The delivery business used to be an afterthought, meant more for fast food and quick-service-restaurant concepts. But now, as consumers are more willing to eat at home, we have ramped up efforts to bring the restaurant dining experience to their homes. We could have been better prepared when COVID-19 descended upon us, but we were not. Nonetheless, the crisis compressed our learning curve about the delivery business within the span of just a few weeks. Given our wide range of 21 different concepts within the Les Amis Group just in Singapore alone, we should have developed a retail merchandising range of food products for home dining or even entertainment, so that we would have been able to offer these at a time like this. While we have plans to bring back our now-defunct range of chilled/frozen food products under the Lazy Gourmet branding, this will take some time to develop and launch. 
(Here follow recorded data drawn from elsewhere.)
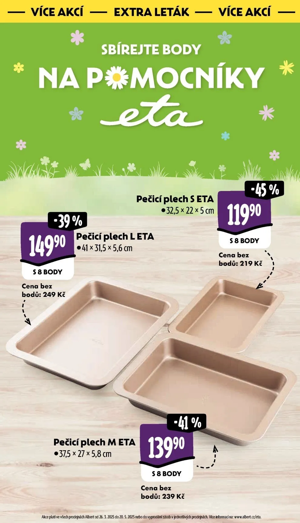 Akce platí ve všech prodejnách od 26.3.2025 do 20.5.2025 nebo do vyprodání zásob. Více informací naleznete na www.albert.cz/eta.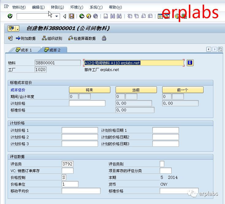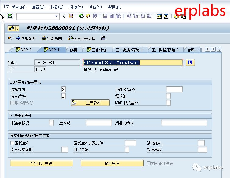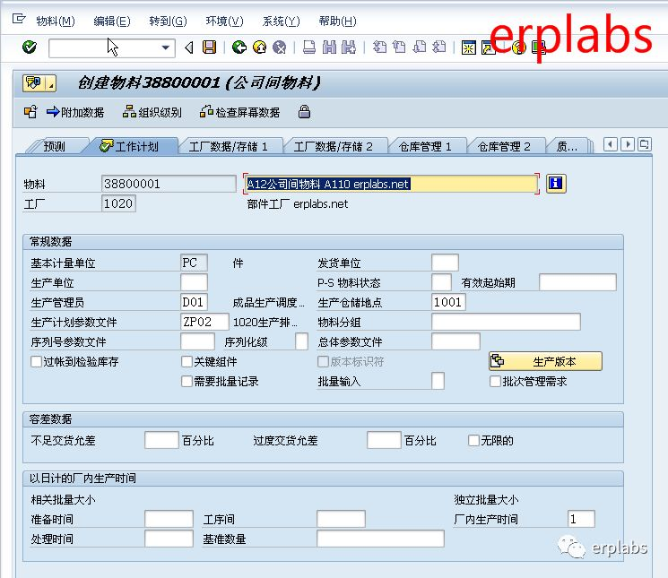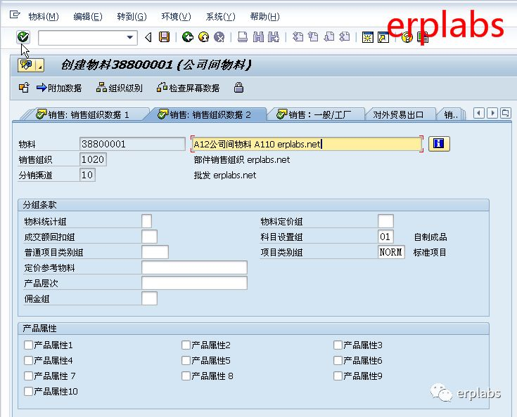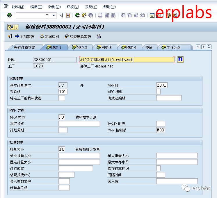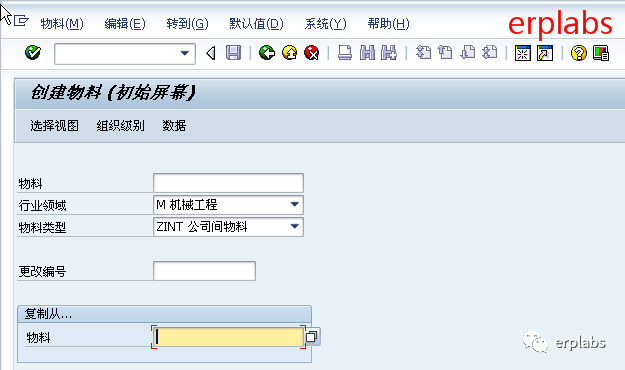 本案例已在1010公司创建38800001为原材料,物料框输入38800001,行业领域选择机械工程,物料类型选择ZINT公司间物料,回车,进入下一界面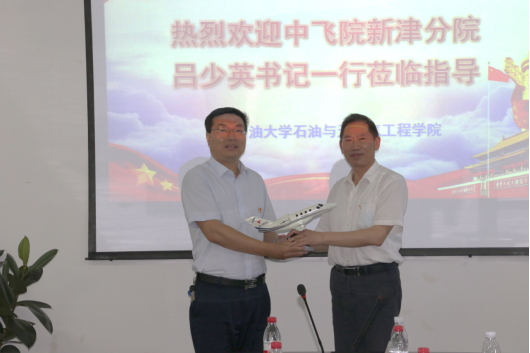 在明辨楼B519会议室,姚利代表石工院党委致欢迎辞,并对学院党建工作整体概况进行了详细介绍,重点介绍了党支部书记人员的选优配强、党建工作的多元投入、创新性党建工作的开展等经验。吕少英介绍了中飞院新津分院党建工作情况,作为“飞行人员的摇篮”,结合学生特点推动党建工作发展。朱红钧在会上介绍海洋油气工程研究所党支部的基本情况,他从海洋油气专业背景介绍切入,阐释了支部工作法的内涵、分享了支部工作法相关措施及成效,强调发挥“双带头人”作用,一体化推进党建、思政和科研教学深度融合。双方代表就党建工作进行深入交流,并围绕党建引领教学、科研分享了各自的经验和做法。吕少英表示,石工院站位高、格局远、有情怀,其党建经验是可借鉴、可参考、可复制的典范,下一步将充分借鉴、认真吸取兄弟单位党建先进经验,找准差距,补齐短板,积极推动基层党建工作再上新台阶,并代表中国民用航空飞行学院新津分院赠送了一架教学训练飞机模型。
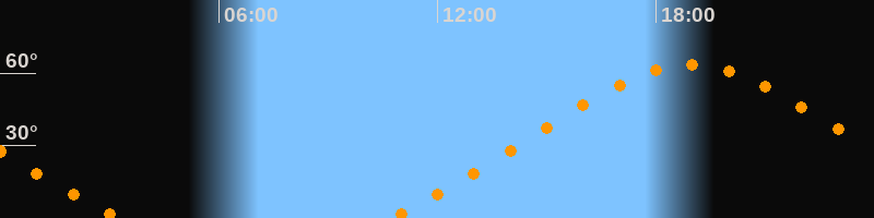 Höchster Stand (Kulmination)18:57 Uhr (h = 63,4°)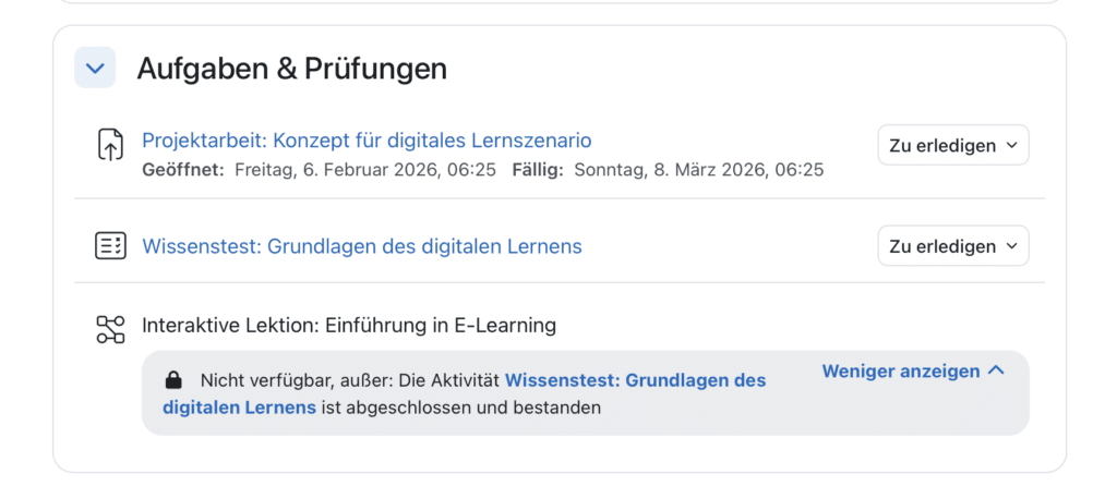 Die Aktivitätsseiten sind in 5.2 optisch und strukturell aufgeräumt. Überflüssige Trennlinien und Leerräume sind entfernt, wichtige Informationen rücken nach oben. Konkret: Aktivitätstermine werden in einem eigenen Bereich über der Beschreibung angezeigt, Abschlussbedingungen stehen direkt unterhalb der Beschreibung – Lernende sehen damit auf einen Blick, was zu tun ist und bis wann.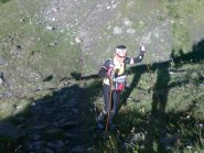 Discesa veloce su sentieri e mulattiera verso il Rif. Barbara, dove si imbocca il dirimpettaio sentiero per il colle Armoine-Manzol, salita inizialmente molto dura, poi più dolce nella parte mediana, per poi impennarsi bruscamente dopo aver imboccato a ds il sentiero per il col Manzol.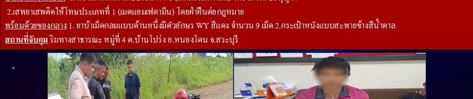 🔺พร้อมด้วยของกลาง 1. ยาบ้าเม็ดกลมแบบด้านหนึ่งมีตัวอักษร WY สีแดงจำนวน 9 เม็ด 2.กระเป๋าหนังแบบสะพายข้างสีน้ำตาล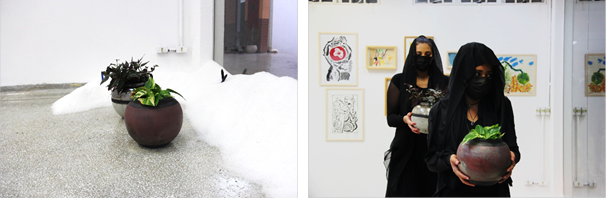 Imagens 1 e 2 - registro das ações Carpiderias/Me dê terra na abertura da exposição Apotheke Londrina.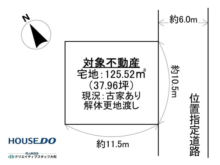 | 土地面積 | 公125.52㎡(37.96坪) | 接道 | 東側(私道)幅 約6.0m 間口 約10.50m(位置指定) |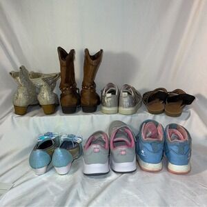 A collection of kids shoes featuring various styles and colors. Includes glittery boots, brown boots, pink sneakers, and more.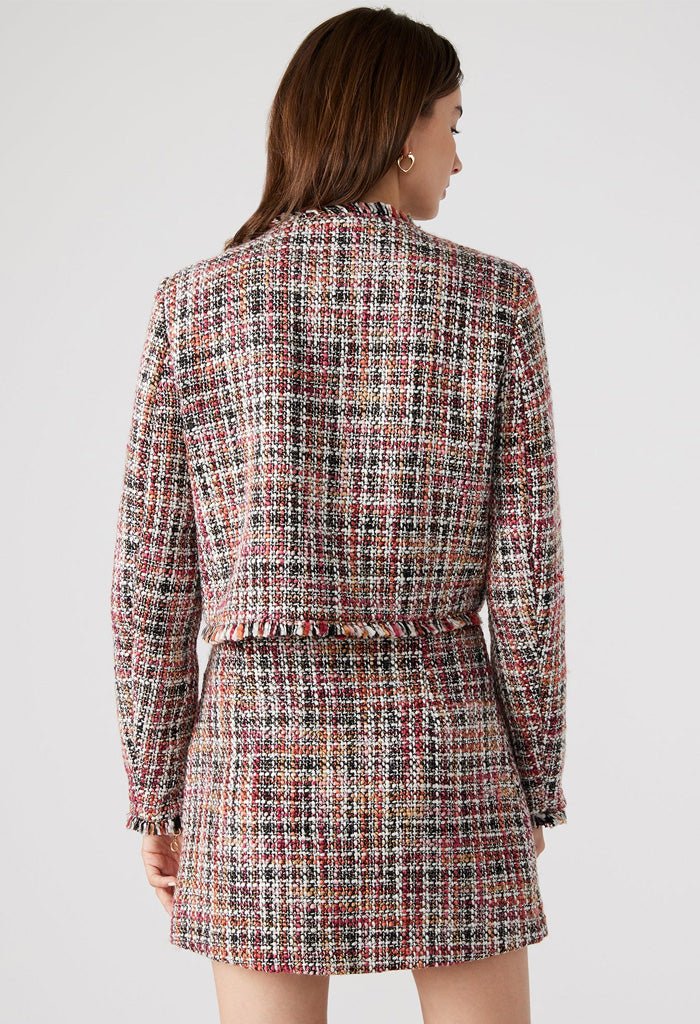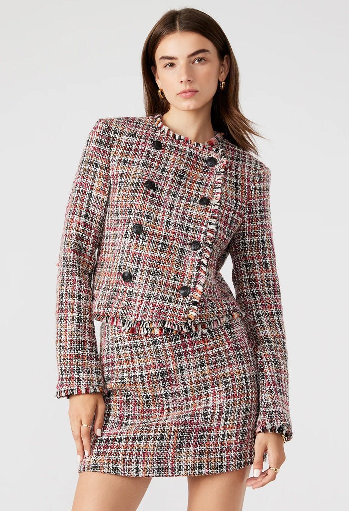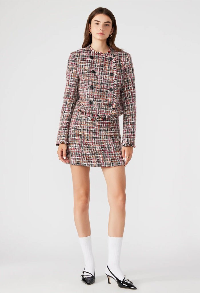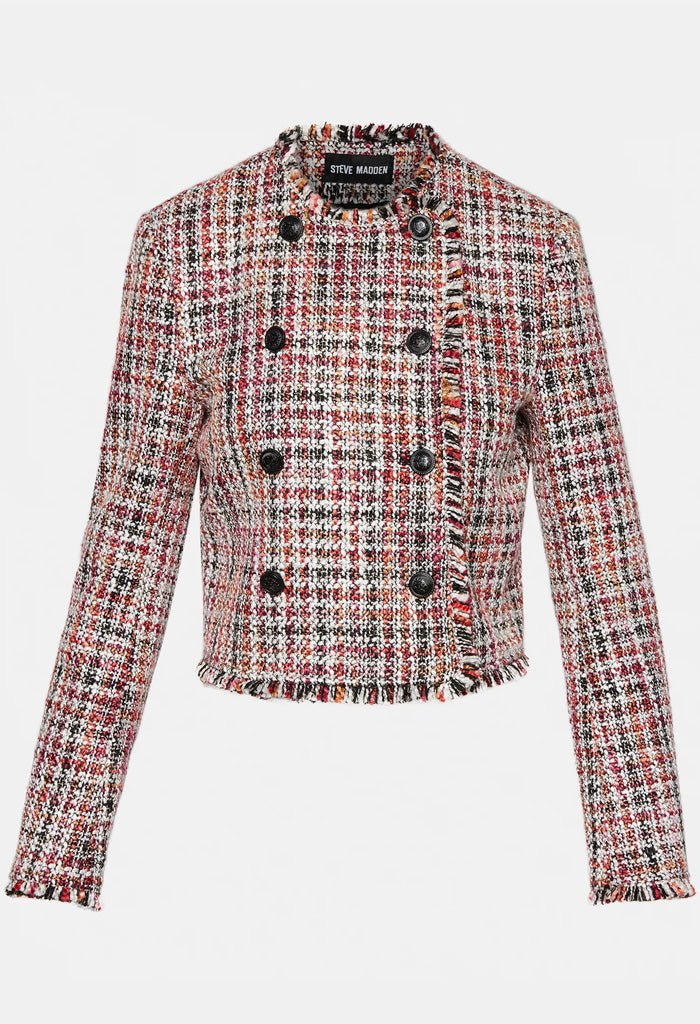 Introducing the Antoinette Jacket – a stylish collarless tweed blazer that exudes sophistication. The fray hem detail trim adds a touch of elegance. while the double-breasted design is adorned with an animal crest button for a unique touch. With shoulder pads and a fully lined interior. this jacket looks great and provides a comfortable fit. Elevate your wardrobe with this must-have piece.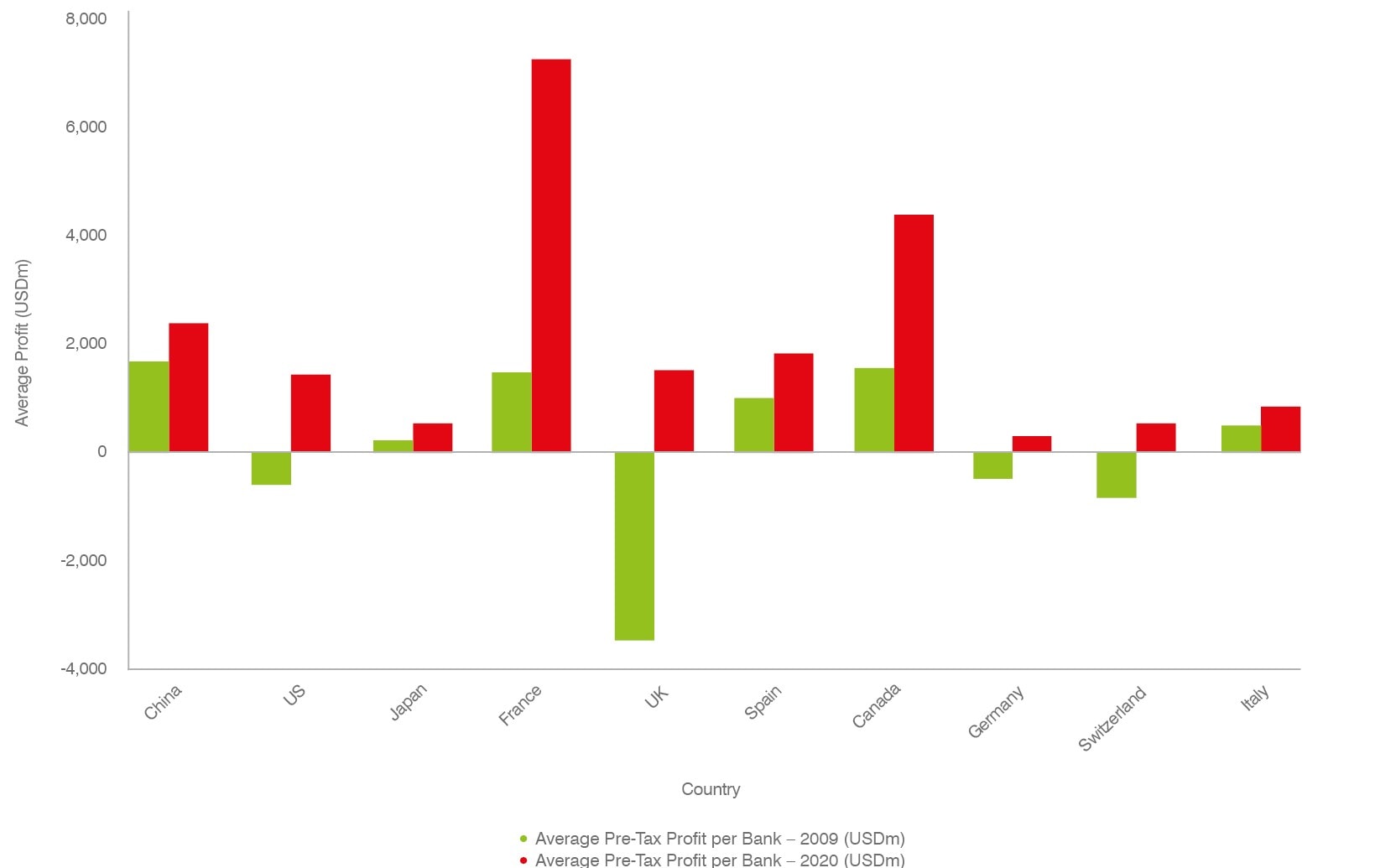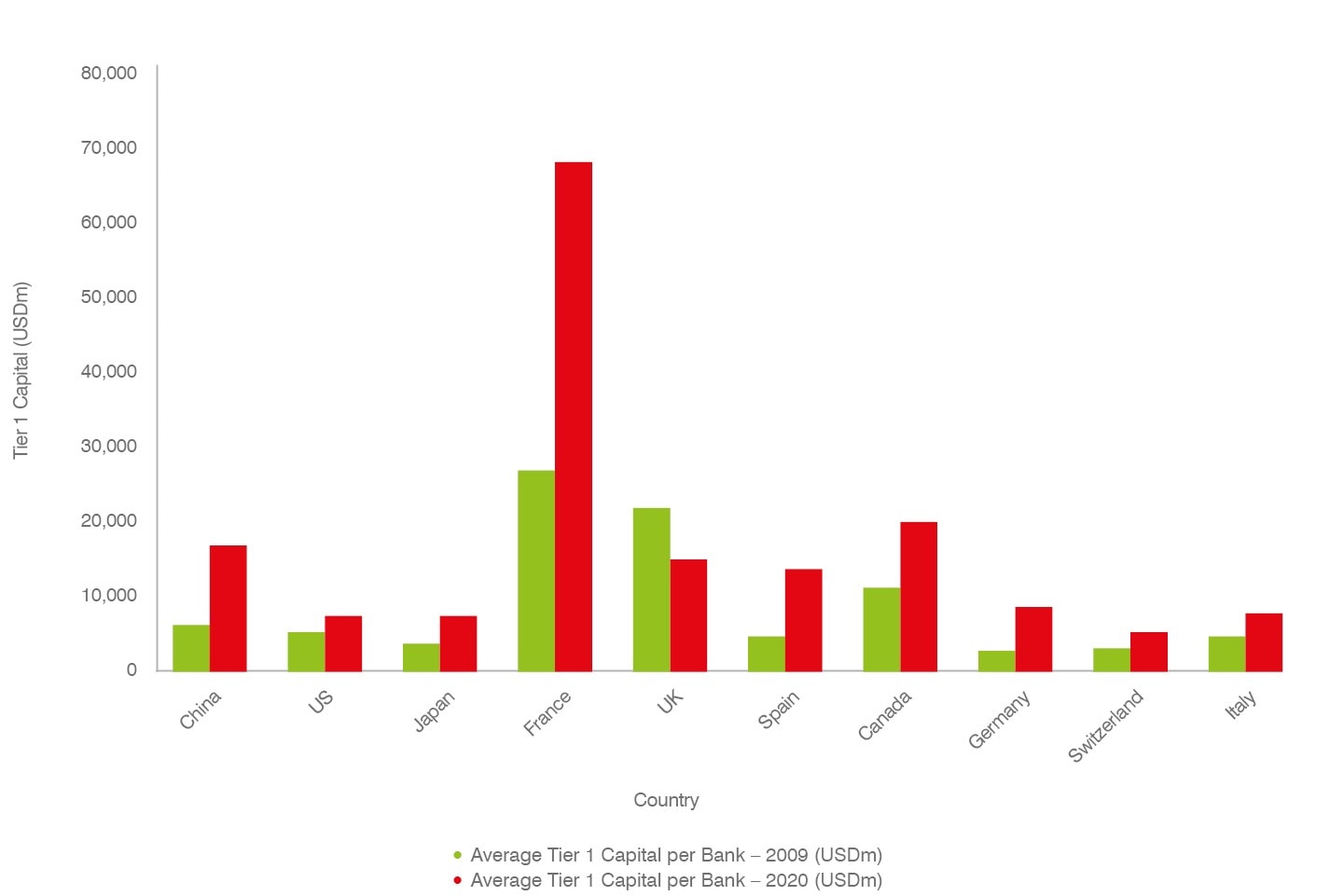 For example, looking at the average Tier 1 Capital (which is a core measure of a bank’s financial strength) and focussing on the countries with the largest banking industries in the world, we can see the banks operating in each country have increased Tier 1 Capital substantially since 2009 (except for the UK):

What, if anything, gives you hope about the future of food in Singapore and the rest of Southeast Asia?

Singapore’s culture is strongly connected to food – from casual to fine dining. With the amount of information easily obtainable through the Internet, the consumer of today is much more aware of food trends than the consumer of yesterday. This, in turn, keeps us operators on our toes to deliver the best to our customers. Throw in our proximity to major cities in the region and our efforts to be a regional dining destination and you have a very fertile ground for exciting and competitive concepts. Our multicultural heritage will give rise to opportunities for the growth of exciting Asian-centric dining concepts (both modern and traditional).